(Data entries)
■ ■ ■ ■
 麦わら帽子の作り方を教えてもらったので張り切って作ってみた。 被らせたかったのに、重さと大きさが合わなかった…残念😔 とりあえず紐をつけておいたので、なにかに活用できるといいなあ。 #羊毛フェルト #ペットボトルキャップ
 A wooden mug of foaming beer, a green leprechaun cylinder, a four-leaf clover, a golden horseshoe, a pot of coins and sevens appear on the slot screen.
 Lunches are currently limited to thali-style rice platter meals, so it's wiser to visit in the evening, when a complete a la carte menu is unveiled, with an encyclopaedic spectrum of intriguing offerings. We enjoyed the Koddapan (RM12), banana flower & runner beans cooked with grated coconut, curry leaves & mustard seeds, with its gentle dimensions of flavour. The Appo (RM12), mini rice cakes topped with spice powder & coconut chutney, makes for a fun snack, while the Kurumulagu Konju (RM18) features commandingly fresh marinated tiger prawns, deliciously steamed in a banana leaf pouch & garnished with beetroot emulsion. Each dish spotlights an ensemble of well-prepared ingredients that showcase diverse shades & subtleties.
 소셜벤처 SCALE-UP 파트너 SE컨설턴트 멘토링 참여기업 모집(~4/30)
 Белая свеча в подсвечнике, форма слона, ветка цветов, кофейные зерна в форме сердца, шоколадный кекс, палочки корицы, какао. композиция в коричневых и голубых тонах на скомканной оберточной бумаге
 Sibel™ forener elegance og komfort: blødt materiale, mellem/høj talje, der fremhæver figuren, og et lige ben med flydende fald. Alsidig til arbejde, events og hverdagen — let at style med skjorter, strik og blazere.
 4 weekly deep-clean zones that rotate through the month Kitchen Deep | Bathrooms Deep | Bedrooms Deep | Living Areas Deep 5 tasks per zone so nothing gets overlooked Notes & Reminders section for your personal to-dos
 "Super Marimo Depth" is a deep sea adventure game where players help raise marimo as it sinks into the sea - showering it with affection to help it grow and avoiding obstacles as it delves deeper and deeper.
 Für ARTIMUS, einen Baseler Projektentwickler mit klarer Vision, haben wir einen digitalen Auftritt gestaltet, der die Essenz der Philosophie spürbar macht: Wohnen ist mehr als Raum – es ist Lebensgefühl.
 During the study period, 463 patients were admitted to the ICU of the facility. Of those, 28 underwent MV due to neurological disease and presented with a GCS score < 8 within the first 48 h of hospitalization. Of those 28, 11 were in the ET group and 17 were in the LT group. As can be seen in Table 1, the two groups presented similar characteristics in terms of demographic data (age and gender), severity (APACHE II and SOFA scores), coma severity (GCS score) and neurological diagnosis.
■ ■ ■ ■
All lines of the data that hold "deep" need to be copied.

 4 weekly deep-clean zones that rotate through the month Kitchen Deep | Bathrooms Deep | Bedrooms Deep | Living Areas Deep 5 tasks per zone so nothing gets overlooked Notes & Reminders section for your personal to-dos
 "Super Marimo Depth" is a deep sea adventure game where players help raise marimo as it sinks into the sea - showering it with affection to help it grow and avoiding obstacles as it delves deeper and deeper.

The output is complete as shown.